PROBLEM STATEMENT
Within the data that follows, set down exactly the lines from the one containing "Декоратив-гамәли бүлек укучысы" through the one containing "Bosh mutaxassis.Taʼlim sifatini", both ends included.

DATA FOR THIS TASK
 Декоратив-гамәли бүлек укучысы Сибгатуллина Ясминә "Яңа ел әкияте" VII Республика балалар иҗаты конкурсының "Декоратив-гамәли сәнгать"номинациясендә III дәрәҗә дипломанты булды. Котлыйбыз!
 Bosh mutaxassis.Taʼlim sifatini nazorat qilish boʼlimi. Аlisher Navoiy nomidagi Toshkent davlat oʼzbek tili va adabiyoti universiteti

...

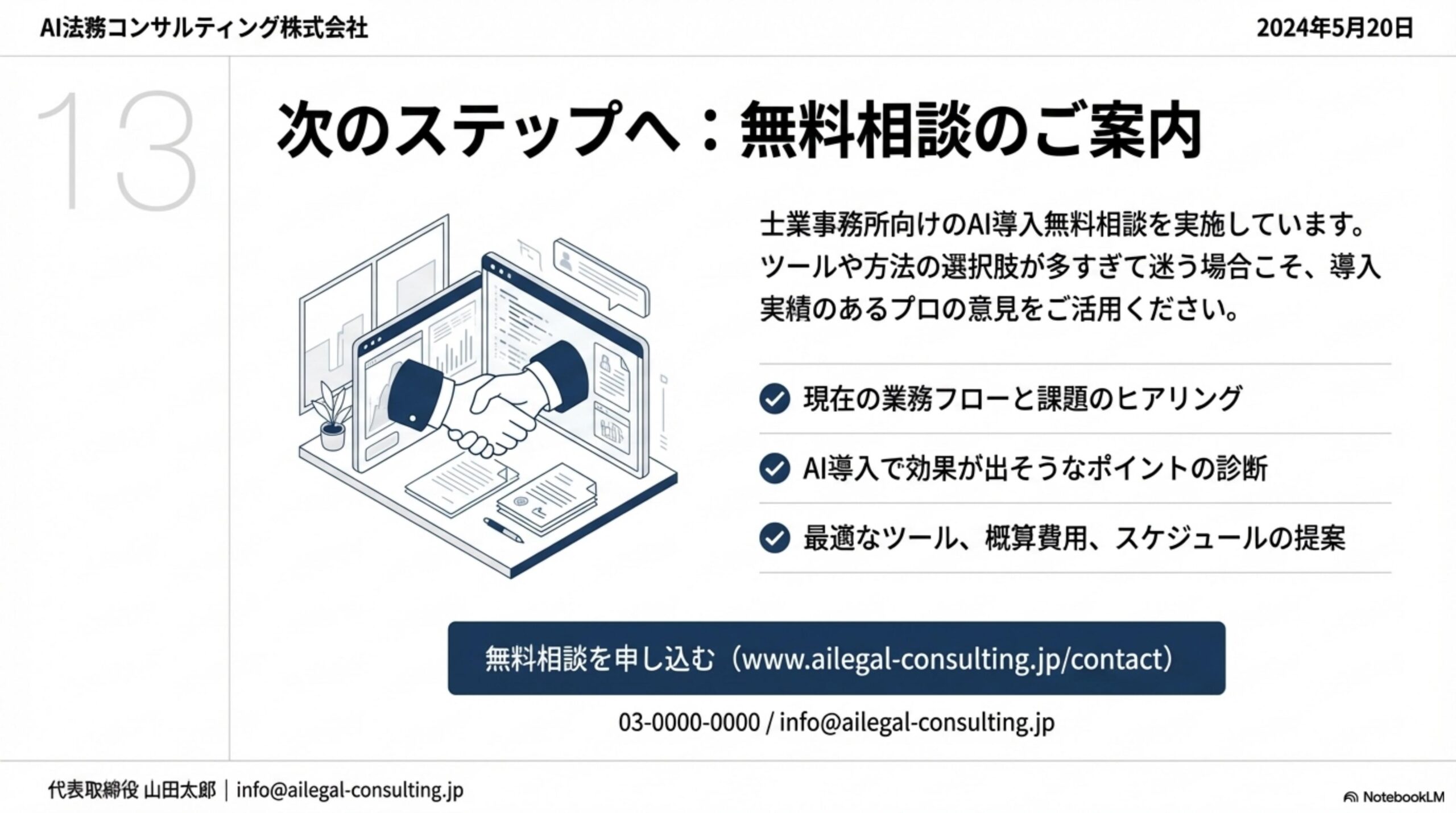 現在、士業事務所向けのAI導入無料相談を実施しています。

==

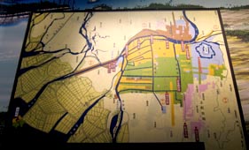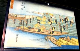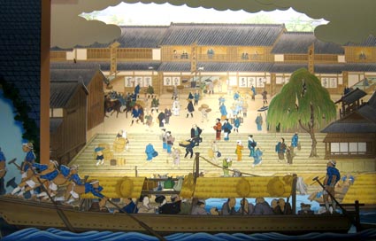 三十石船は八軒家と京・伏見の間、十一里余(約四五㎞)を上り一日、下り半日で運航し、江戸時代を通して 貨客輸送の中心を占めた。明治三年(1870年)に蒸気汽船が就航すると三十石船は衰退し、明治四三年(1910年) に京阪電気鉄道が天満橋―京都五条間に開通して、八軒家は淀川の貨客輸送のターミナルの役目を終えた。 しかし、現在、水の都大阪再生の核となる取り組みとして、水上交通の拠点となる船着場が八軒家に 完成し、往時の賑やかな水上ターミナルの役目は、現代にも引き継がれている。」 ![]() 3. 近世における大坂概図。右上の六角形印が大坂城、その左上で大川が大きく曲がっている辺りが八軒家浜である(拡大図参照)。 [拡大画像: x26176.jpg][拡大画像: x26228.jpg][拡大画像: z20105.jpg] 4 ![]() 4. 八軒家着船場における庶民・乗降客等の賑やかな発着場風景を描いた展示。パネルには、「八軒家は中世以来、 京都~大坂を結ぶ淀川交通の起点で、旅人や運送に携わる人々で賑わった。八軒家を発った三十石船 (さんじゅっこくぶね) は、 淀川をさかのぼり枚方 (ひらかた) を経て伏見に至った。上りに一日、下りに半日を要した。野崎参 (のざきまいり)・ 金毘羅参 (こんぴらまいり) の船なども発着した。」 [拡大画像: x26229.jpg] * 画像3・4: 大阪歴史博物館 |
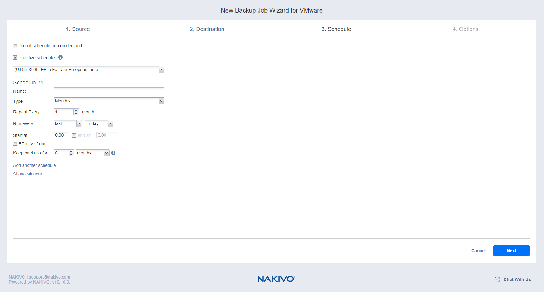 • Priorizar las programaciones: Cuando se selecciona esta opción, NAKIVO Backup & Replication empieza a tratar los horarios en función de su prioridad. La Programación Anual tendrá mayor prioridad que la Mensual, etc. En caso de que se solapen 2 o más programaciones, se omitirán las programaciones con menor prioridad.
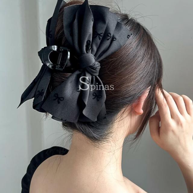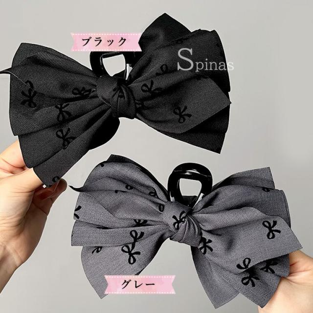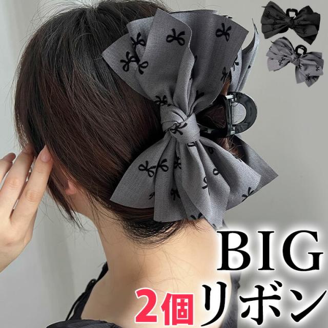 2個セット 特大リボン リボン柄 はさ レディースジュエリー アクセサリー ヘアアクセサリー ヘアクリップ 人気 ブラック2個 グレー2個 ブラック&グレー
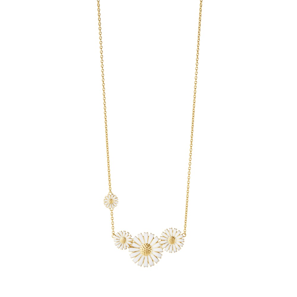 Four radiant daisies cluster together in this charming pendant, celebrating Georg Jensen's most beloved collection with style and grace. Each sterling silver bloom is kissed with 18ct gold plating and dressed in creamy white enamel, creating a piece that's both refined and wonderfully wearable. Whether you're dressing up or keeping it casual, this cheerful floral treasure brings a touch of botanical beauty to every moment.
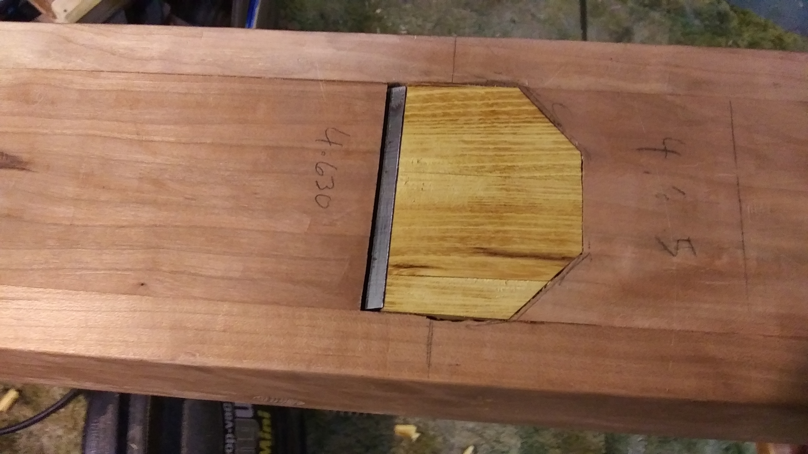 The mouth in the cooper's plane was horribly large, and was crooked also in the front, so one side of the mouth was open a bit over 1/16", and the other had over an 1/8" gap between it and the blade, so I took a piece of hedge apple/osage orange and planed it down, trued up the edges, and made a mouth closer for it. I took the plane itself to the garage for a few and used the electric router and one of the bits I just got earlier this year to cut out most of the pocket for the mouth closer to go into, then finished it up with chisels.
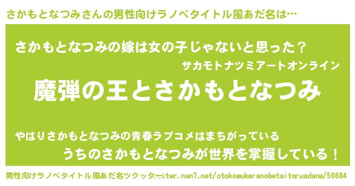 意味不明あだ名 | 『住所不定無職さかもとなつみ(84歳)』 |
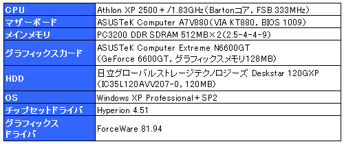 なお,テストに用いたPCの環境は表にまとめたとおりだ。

RESULT OF THIS TASK
 Декоратив-гамәли бүлек укучысы Сибгатуллина Ясминә "Яңа ел әкияте" VII Республика балалар иҗаты конкурсының "Декоратив-гамәли сәнгать"номинациясендә III дәрәҗә дипломанты булды. Котлыйбыз!
 Bosh mutaxassis.Taʼlim sifatini nazorat qilish boʼlimi. Аlisher Navoiy nomidagi Toshkent davlat oʼzbek tili va adabiyoti universiteti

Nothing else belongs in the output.